Tuesday, August 10, 2010

Pecha Kucha: Connections or Commercials

There are 333 cities around the globe that hold Pecha Kucha Night events. I am involved in the Fresno group and have attended all 8 volumes so far. The presenters are "encouraged" to align to the night's theme, but that is only successful about 40% of the time. Today, Famous Whitewater asked about the purpose of Pecha Kucha as part of his gig review. I was going to offer my answer on Fresno Famous, but I think this might require a little more space.
Sometimes a presenter will use the 6:40 for self-promotion or to launch a product/service/website. I am guilty of doing that. On Feb 20 at the volume 6 event, I used my 6:40 to talk about Smartagious.com. The theme for the night was Re:Build and I attempted to share the philosophical premise behind Smartagious: rebuild the value we can find from connections on the web.

After each event, the presenters that have the most
positive buzz are those that seek to make a
connection over presenting a commercial.
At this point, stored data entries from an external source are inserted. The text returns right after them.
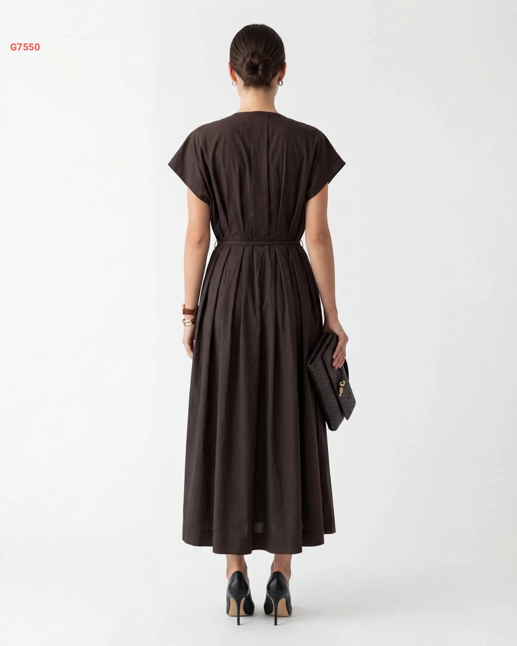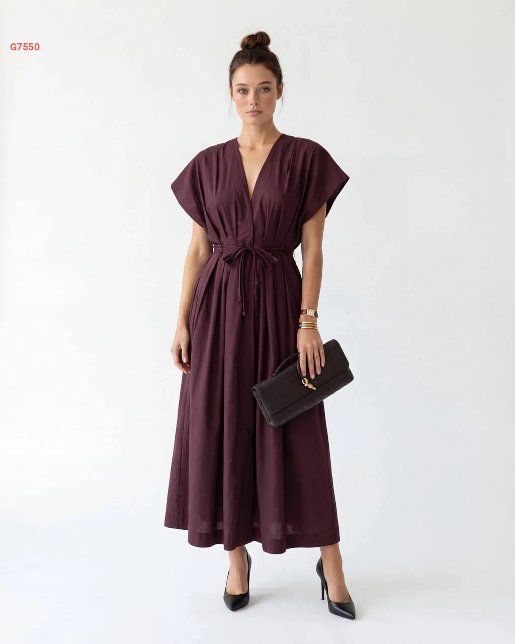 فستان صيفي طويل كلوش بزنار
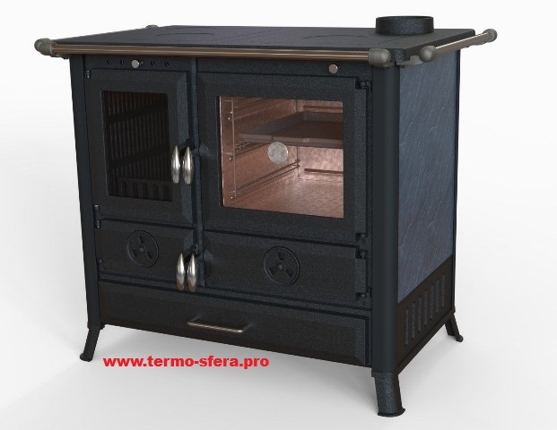 Качественный чугунный пристенный камин с духовкой FIREWAY с дверцей панорамного стекла. Стильный дизайн черного (антрацита) цвета гармонично впишется в любой интерьер. Особенности модели: - Объем обогреваемого помещения – до 120 куб.м.; - Максимальная мощность — 8 кВт; - Удобная варочная плита и духовой шкаф позволяет готовить и разогревать пищу прямо у себя дома; - Диаметр подключения дымохода — 150 мм., выход сзади. Производство – Россия.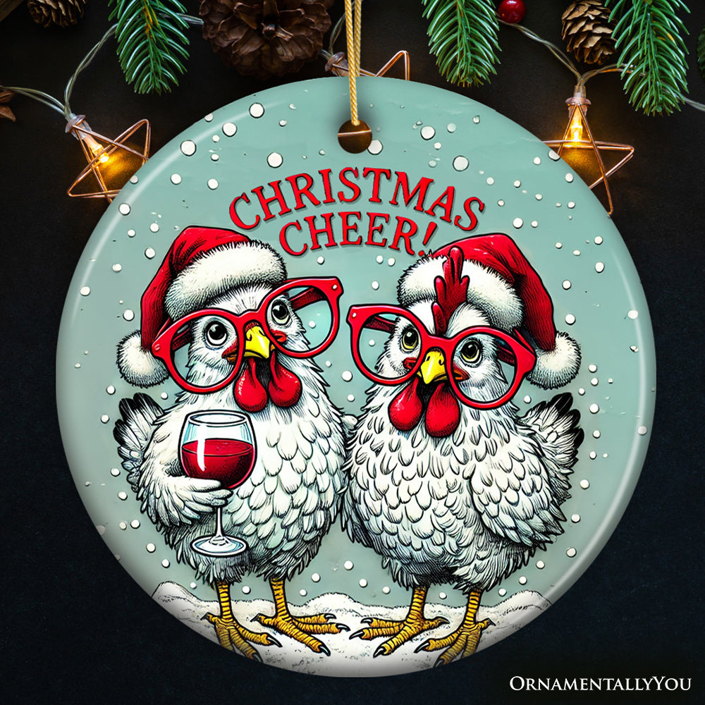 Christmas Cheer Chicken Ornament, Whimsical Holiday Tree Decoration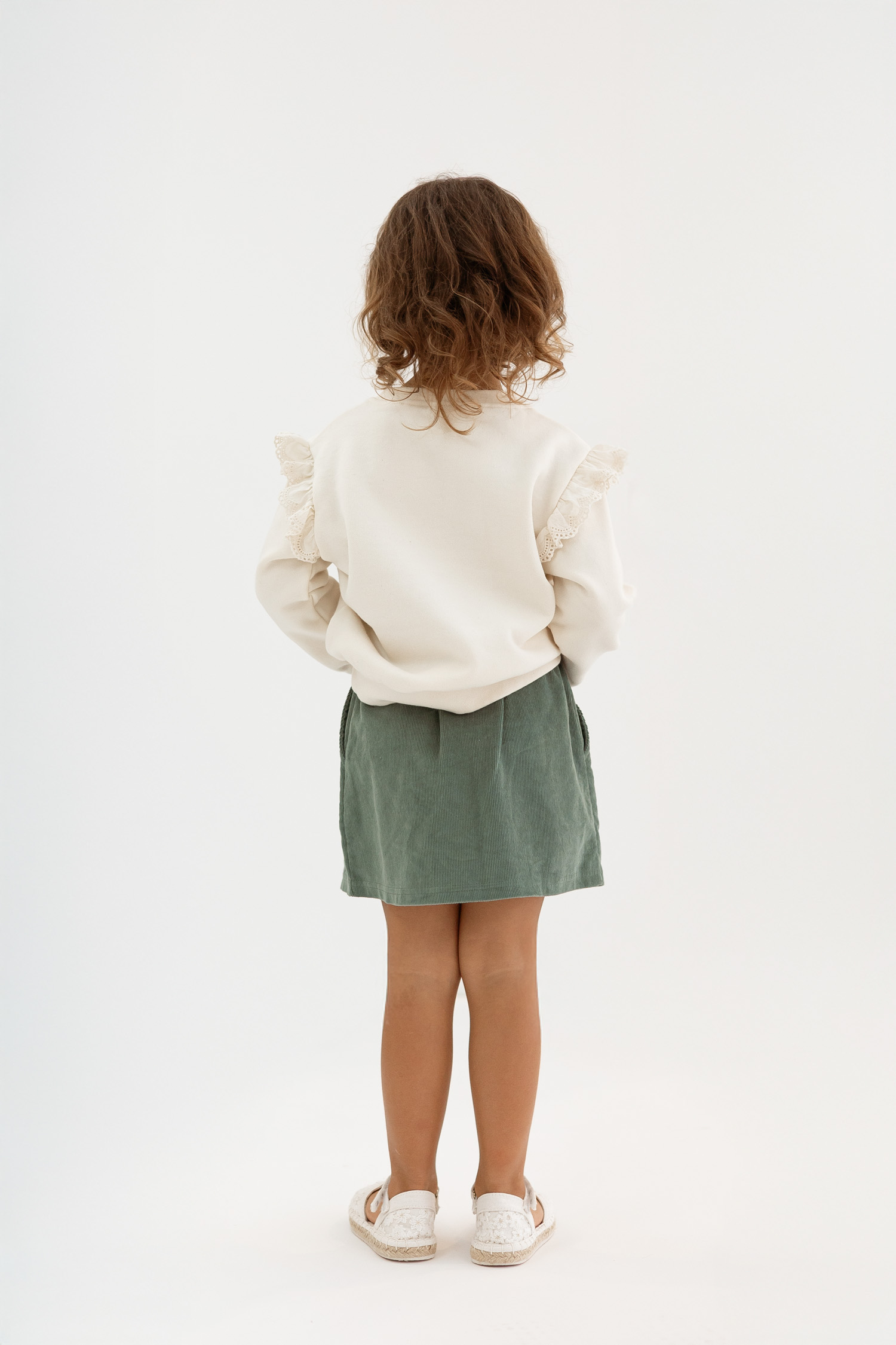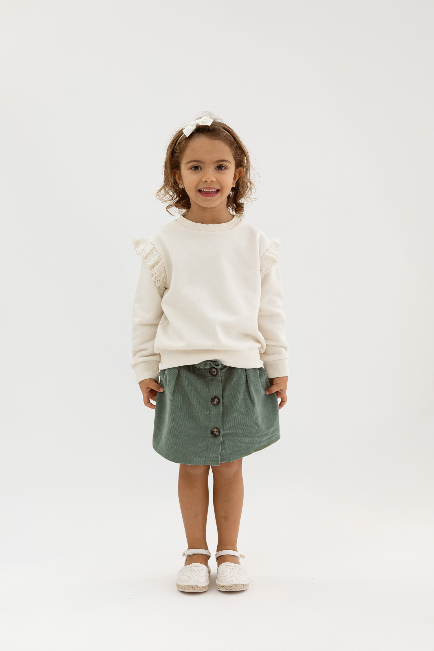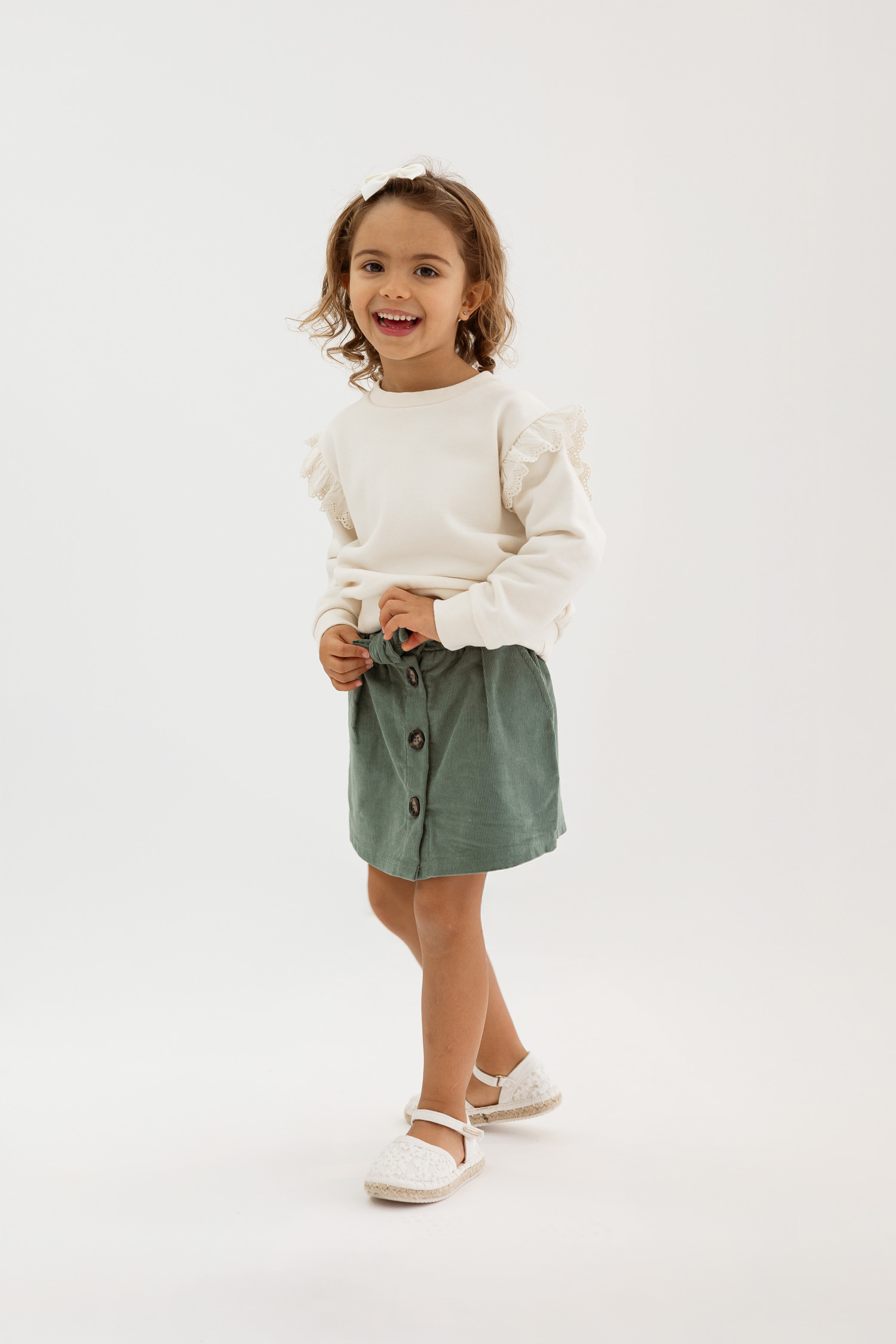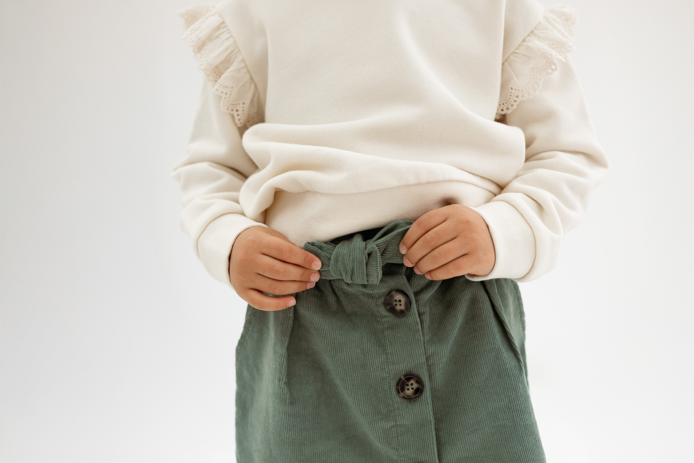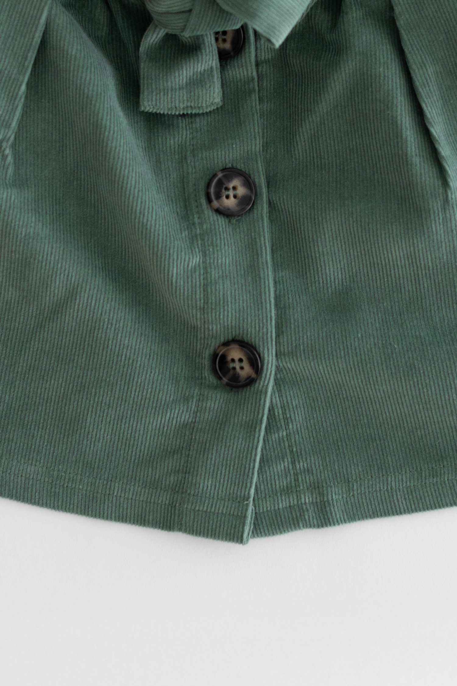 Saia em bombazina outono/inverno de menina, com botões e cinto, cor verde myrtel, produzido em Portugal, 100‰ algodão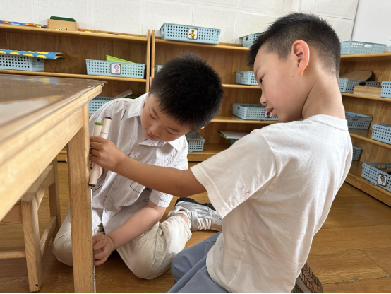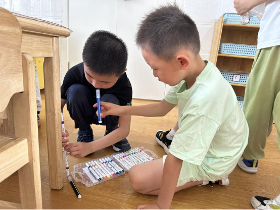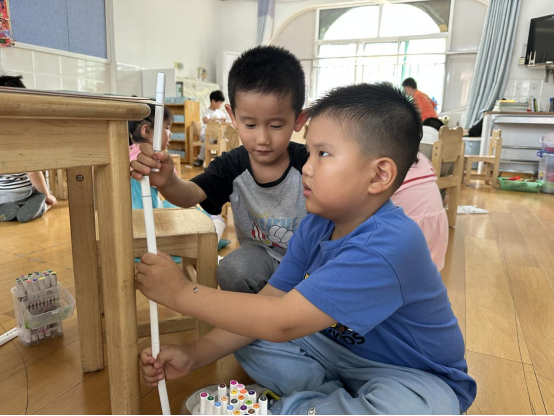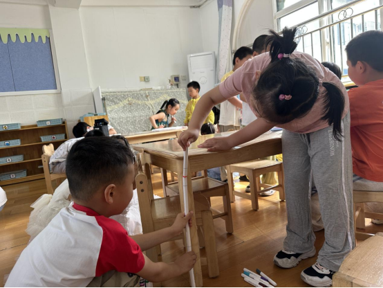 在开展“有趣的测量”这一活动时,孩子们对于“量一量”都表现出极大的兴趣,幼儿阶段的测量不是使用标准量具和计量单位进行的测量,而是以自然物作为工具的自然测量,孩子们使用相同长度的记号笔来测量桌子的高度,通过实物的操作,幼儿直观地了解了“首尾相接”就是将测量工具一个接一个,头尾接在一起,不留缝隙地进行测量。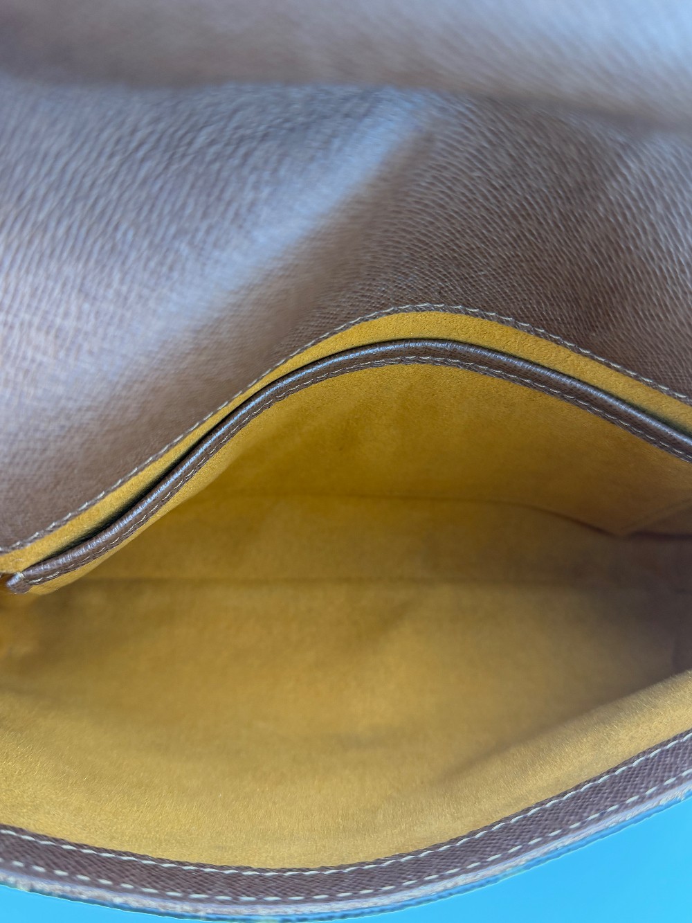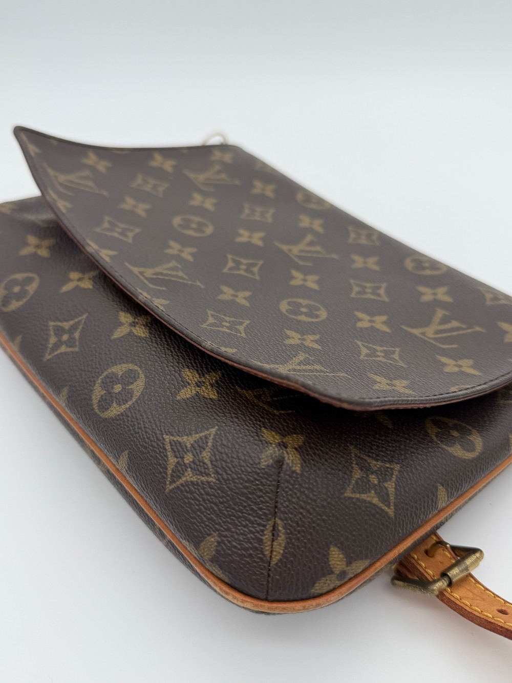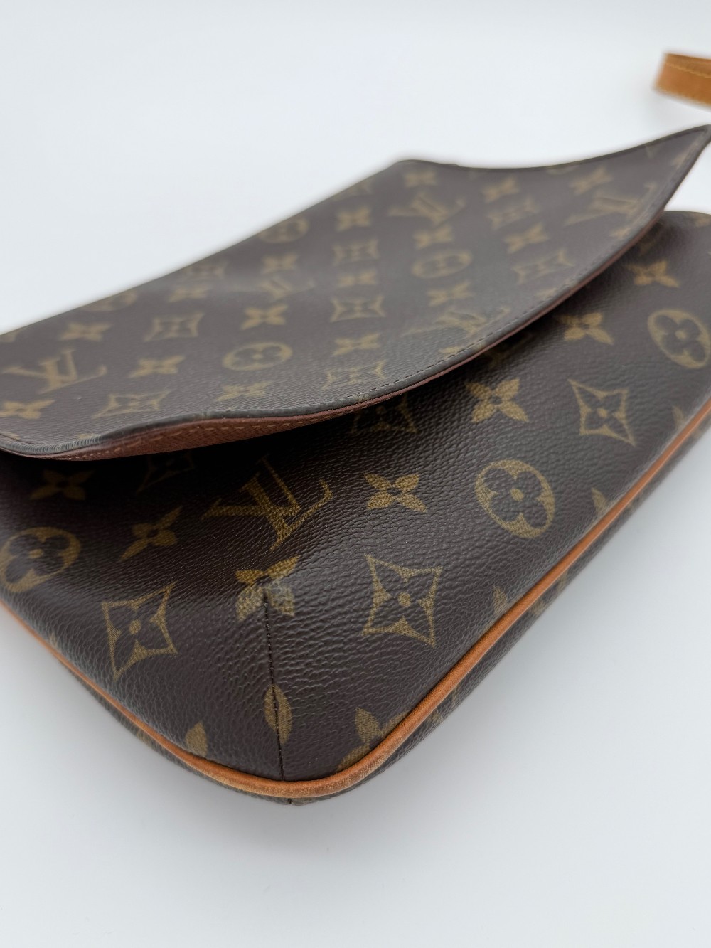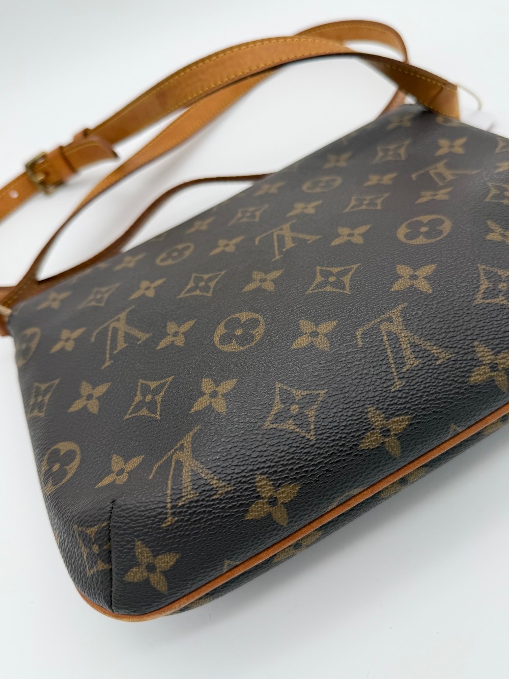 This is an authentic LOUIS VUITTON Monogram Musette in Tango. This chic shoulder bag is finely crafted of Louis Vuitton monogram on coated canvas. The bag features a vachetta cowhide leather shoulder strap with polished brass hardware and a frontal flap. This flap opens to a saffron alcantara microfiber interior with a patch pocket.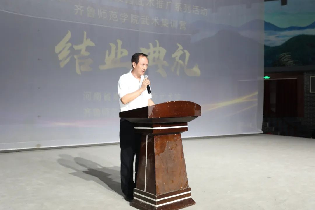 在结业典礼上,集训队员代表黄昊、任梦榆的发言充分吐露了当代大学生的心声,短短21天时间取得的成绩,离不开武术馆的精心安排,离不开教练员的辛勤传授,感激之情溢于言表。武术馆教练员孙明超代表全体参训教练进行了发言。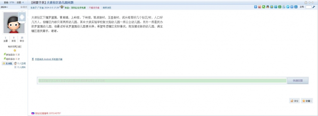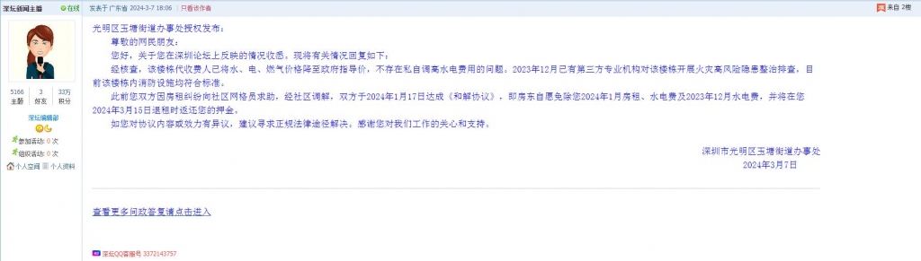据统计,2024年3月4日-3月10日,网友在深圳论坛发布问政类帖文共24篇,得到相关单位正式回应的帖文数为9篇,光明区回应率最高。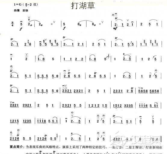 二胡谱【打湖草】打湖草二胡曲谱为表现乐曲的风格特点,演奏上采用了二种技巧,一是打音,二是上滑音。

The term designer is left up to interpretation. When I describe a perfect Pecha Kucha presentation, I often discuss those presentation in which the designer brings the audience into his or her world--a photographer shows you how they see, an architect redefines space, a developer exposes behind-the-scenes secrets that are generally only discussed on forums and message boards.

In my opinion, you have to know two very important things to put together a powerful Pecha Kucha presentation:
1) Know yourself
2) Know your audience

Use the 20 slides to create a greater overlap between the field of experience of the presenter and that of the audience. The goal is not to persuade the audience that you are right, cool, or have an amazing product that will change their life. The goal is to connect.

Again, this might just be my opinion. Like Famous mentioned,
It's actually a smart move if you have something to sell. Here's a large, captive audience of people who are interested in moving Fresno forward in a positive way. And it can be good for the audience, no doubt.
So maybe a little self-promotion is okay. I still challenge the presenters to make a connection first. Try, try, try to follow the theme. Challenge yourself.